Гости продолжали изумляться, шептаться и переглядываться, но стало совершенно ясно, что всё это было рассчитано и устроено заранее, и что Настасью Филипповну, — хоть она и конечно с ума сошла, — теперь не собьешь. Всех мучило ужасно любопытство. При том же и пугаться-то очень было некому. Дам было только две: Дарья Алексеевна, барыня бойкая и видавшая всякие виды, и которую трудно было сконфузить, и прекрасная, но молчаливая незнакомка. Но молчаливая незнакомка вряд ли что и понять могла: это была приезжая немка и русского языка ничего не знала; кроме того, кажется, была столько же глупа, сколько и прекрасна.
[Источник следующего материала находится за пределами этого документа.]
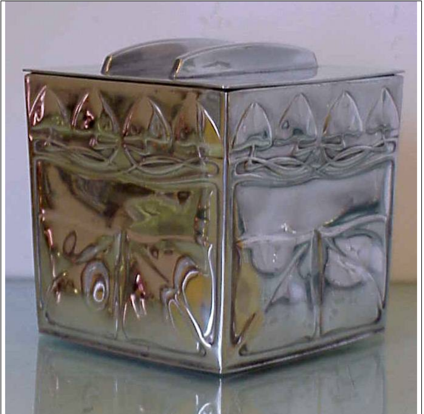
Liberty & Co Tudric Biscuit Box designed by Archibald Knox Design Number 0237 – size 4.5”square by 5” tall Market Price today dependant on good to immaculate condition £850- £1000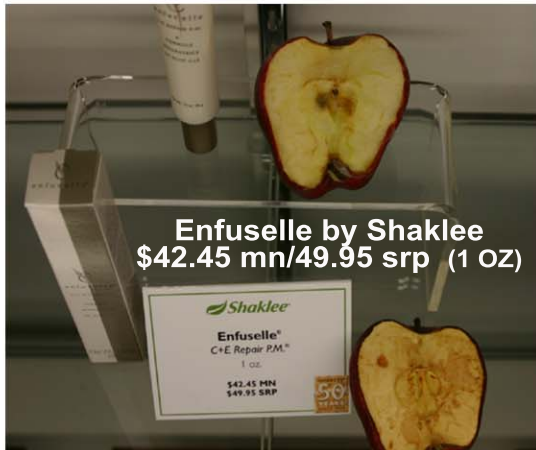
Enfuselle by Shaklee $42.45 mn/$49.95 srp (1 OZ)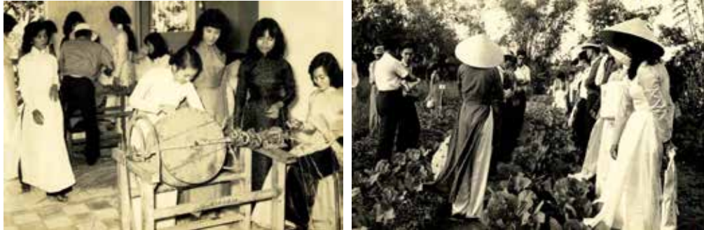
Figure 7 (left). "Home improvement agents" shown here are using a straw-rope making machine at a Taiwanese demonstration center in Biên Hòa. 45

Taiwanese government promotion of married-women's labor to fuel rural home-based production that formed the "satellite factories" of Taiwan's later industrialized economic growth (Hsiung 1996). In Vietnam, women played a prominent role in rural areas. Zhang Jiming indicated that by the time of his arrival in Vietnam, most men were involved in the ongoing war, and thus women often participated in extension and demonstration activities (figure 8). 44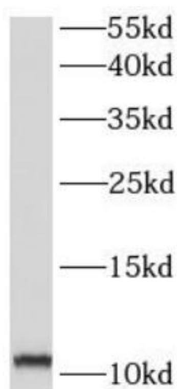
mouse heart tissue were subjected to SDS PAGE followed by western blot with FNab01905(COX6B2 antibody) at dilution of 1:100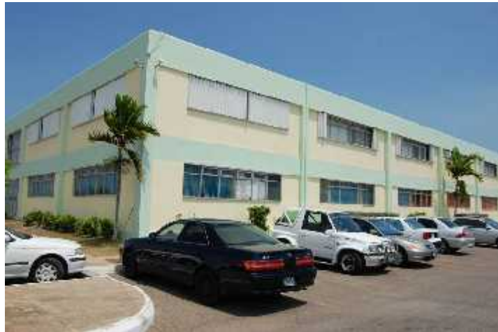
Portmore Informatics Park 50,000 sq. ft. building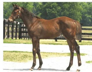
Filly out of MAKETHEMOSTOFIT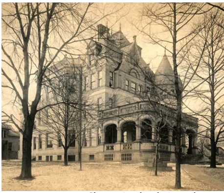
Clayton, Pittsburgh, Pennsylvania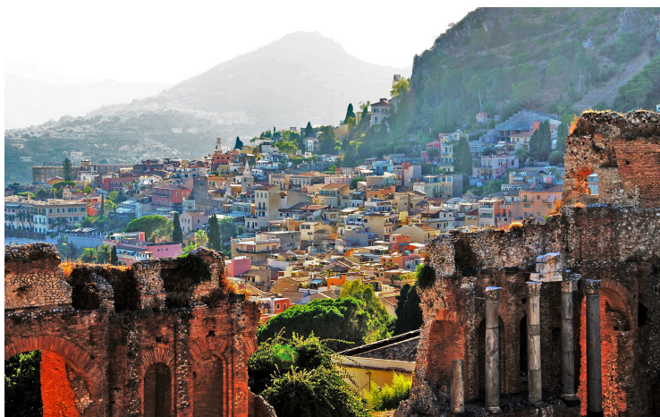
View of Taormina from the ancient amphitheater

Она была внове и уже принято было приглашать ее на известные вечера в пышнейшем костюме, причесанную как на выставку, и сажать как прелестную картинку для того, чтобы “скрасить вечер, — точно так, как иные добывают для своих вечеров у знакомых, на один раз, картину, вазу, статую или экран. Что же касается мужчин, то Птицын, например, был приятель с Рогожиным, Фердыщенко был как рыба в воде; Ганечка всё еще в себя придти не мог, но хоть смутно, а неудержимо сам ощущал горячечную потребность достоять до конца у своего позорного столба; старичек-учитель, мало понимавший в чем дело, чуть не плакал и буквально дрожал от страха, заметив какую-то необыкновенную тревогу кругом и в Настасье Филипповне, которую обожал, как свою внучку; но он скорее бы умер, чем ее в такую минуту покинул. Что же касается Афанасия Ивановича, то, конечно, он себя компрометировать в таких приключениях не мог; но он слишком был заинтересован в деле, хотя бы и принимавшем такой сумасшедший оборот; да и Настасья Филипповна выронила на его счет два-три словечка таких, что уехать никак нельзя было, не разъяснив окончательно дела. Он решился досидеть до конца и уже совершенно замолчать и оставаться лишь наблюдателем, что, конечно, и требовалось его достоинством. Один лишь генерал Епанчин, только сейчас пред этим разобиженный таким бесцеремонным и смешным возвратом ему подарка, конечно, еще более мог теперь обидеться всеми этими необыкновенными эксцентричностями или, например, появлением Рогожина; да и человек, как он, и без того уже слишком снизошел, решившись сесть рядом с Птицыным и Фердыщенком; но что могла сделать сила страсти, то могло быть, наконец, побеждено чувством обязанности, ощущением долга, чина и значения и вообще уважением к себе, так что Рогожин с компанией, во всяком случае, в присутствии его превосходительства был невозможен.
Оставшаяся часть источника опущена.